In a previous post I mused: "Why use a monthly leading index when you have a weekly one to hand?" Forget that - how about a daily economic index? Martin D.D. Evans of Georgetown University has a new article in the latest International Journal of Central Banking which proposes just such a thing.
His paper, Where Are We Now? Real-Time Estimates of the Macroeconomy, describes a method for calculating daily realtime estimates of the current state of the US economy:
The estimates are computed from data on scheduled U.S. macroeconomic announcements using an econometric model that allows for variable reporting lags, temporal aggregation, and other complications in the data. The model can be applied to find real-time estimates of GDP, inflation, unemployment, or any other macroeconomic variable of interest.
In this paper, I focus on the problem of estimating the current level of and growth rate in GDP. I construct daily real-time estimates of GDP that incorporate public information known on the day in question. The real-time estimates produced by the model are uniquely suited to studying how perceived developments in the macroeconomy are linked to asset prices over a wide range of frequencies. The estimates also provide, for the first time, daily time series that can be used in practical policy decisions.
Evans argues that you can model GDP growth "as the quarterly aggregate of an unobserved daily process for real economy-wide activity."

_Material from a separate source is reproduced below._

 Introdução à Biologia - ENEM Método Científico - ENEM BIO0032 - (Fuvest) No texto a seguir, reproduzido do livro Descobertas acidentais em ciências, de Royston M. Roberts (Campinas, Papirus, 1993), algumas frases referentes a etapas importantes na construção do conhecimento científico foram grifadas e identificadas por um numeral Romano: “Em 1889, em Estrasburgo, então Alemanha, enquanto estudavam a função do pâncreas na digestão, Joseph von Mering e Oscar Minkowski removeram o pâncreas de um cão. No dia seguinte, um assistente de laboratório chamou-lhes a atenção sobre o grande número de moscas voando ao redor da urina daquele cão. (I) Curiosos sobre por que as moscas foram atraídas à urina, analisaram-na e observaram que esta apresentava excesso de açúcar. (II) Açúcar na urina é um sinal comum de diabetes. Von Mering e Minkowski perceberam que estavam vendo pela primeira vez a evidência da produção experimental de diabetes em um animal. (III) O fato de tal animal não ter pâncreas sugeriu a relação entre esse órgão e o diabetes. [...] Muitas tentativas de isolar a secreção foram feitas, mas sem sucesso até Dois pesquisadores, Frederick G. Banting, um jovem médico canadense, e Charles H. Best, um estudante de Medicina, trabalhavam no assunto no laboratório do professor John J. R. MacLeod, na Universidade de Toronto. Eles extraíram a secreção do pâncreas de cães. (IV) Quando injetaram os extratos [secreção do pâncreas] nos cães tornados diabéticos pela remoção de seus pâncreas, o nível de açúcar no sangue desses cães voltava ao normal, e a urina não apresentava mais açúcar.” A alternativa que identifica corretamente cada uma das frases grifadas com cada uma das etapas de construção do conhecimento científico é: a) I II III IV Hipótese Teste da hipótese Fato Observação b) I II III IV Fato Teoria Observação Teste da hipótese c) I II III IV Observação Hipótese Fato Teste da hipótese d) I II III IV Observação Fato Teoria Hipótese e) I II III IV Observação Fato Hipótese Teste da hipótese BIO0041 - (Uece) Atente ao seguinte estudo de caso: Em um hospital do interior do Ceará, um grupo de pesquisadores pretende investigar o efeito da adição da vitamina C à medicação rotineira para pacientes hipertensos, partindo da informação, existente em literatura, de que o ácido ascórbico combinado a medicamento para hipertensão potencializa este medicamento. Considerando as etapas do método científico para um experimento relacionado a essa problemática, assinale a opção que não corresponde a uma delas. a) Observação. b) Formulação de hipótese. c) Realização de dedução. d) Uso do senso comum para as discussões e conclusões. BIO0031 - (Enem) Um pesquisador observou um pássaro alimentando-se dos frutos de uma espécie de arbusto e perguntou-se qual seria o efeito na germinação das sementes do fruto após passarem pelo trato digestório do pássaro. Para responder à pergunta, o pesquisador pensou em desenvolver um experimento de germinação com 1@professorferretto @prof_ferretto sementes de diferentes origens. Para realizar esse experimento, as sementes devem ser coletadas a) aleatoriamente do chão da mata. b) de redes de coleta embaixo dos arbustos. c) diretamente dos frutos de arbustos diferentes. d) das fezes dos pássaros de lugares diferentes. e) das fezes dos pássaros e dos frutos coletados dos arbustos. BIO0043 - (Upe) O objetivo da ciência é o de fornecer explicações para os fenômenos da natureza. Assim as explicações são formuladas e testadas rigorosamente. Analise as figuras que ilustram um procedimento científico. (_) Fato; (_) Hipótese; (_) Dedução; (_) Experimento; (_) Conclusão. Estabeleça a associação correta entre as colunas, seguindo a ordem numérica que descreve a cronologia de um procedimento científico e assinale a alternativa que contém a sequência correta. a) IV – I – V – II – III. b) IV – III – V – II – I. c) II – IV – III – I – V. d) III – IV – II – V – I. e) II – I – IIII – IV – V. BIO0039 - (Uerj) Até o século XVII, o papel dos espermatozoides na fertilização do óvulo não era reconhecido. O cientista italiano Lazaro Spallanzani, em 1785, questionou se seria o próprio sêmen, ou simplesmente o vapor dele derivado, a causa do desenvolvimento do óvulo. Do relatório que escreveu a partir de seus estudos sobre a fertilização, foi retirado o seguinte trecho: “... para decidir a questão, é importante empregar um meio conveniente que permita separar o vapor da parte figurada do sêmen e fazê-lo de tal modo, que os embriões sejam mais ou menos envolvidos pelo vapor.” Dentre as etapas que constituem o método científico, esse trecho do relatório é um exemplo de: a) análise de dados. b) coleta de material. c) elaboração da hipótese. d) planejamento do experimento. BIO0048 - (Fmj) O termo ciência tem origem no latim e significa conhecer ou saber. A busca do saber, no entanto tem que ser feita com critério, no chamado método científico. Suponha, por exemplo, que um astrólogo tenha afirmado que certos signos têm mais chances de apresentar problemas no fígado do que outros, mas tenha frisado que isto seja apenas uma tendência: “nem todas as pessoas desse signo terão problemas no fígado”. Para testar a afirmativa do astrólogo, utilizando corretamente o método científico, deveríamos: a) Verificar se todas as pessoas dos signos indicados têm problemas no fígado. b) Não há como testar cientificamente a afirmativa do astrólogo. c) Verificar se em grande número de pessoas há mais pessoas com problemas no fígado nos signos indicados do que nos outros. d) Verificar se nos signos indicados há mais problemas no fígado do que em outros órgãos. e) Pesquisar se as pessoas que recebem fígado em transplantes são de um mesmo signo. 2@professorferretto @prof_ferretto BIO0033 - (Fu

The model also specifies the relationship between GDP, data releases on GDP growth, and data releases on a set of other macroeconomic variables in a manner that accommodates the complex timing of releases. In particular, I incorporate the variable reporting lags that exist between the end of each data collection period (i.e., the end of a month or quarter) and the release day for each variable. This is only possible because the model tracks the evolution of the economy on a daily basis.

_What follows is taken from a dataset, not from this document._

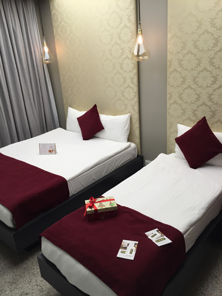 初日はスウィートにアップグレードされたので快適でしたが、2日目ツインを予約していたのにも関わらずなぜかダブルベッドの部屋に通されてしまいました。交渉すると、めちゃくちゃ小さいソファベッドを用意され1日だけつらい日を過ごしました。3日目にはスタンダードなツインルームに戻りました。毎日部屋を変えなければならないのは、都度パッキングしなければならず非常に億劫でした。

His model captures quarterly GDP quite well, though it is more accurate to consider it as a continually-updated estimate rather than a daily one. He concludes:
In this paper, I have presented a method for estimating the current state of the economy on a continual basis using the flow of information from a wide range of macroeconomic data releases. These real-time estimates were computed from an econometric model that allows for variable reporting lags, temporal aggregation, and other complications that characterize the daily flow of macroeconomic information. The model can be applied to find real-time estimates of GDP, inflation, unemployment, or any other macroeconomic variable of interest.
Evans notes that "these findings give but a flavor of the possible uses for realtime estimates". I quite agree. I look forward to longer time series, and modelling of other economic data. It surely can't be long before one of the investment banks starts crunching out their own proprietary version, either.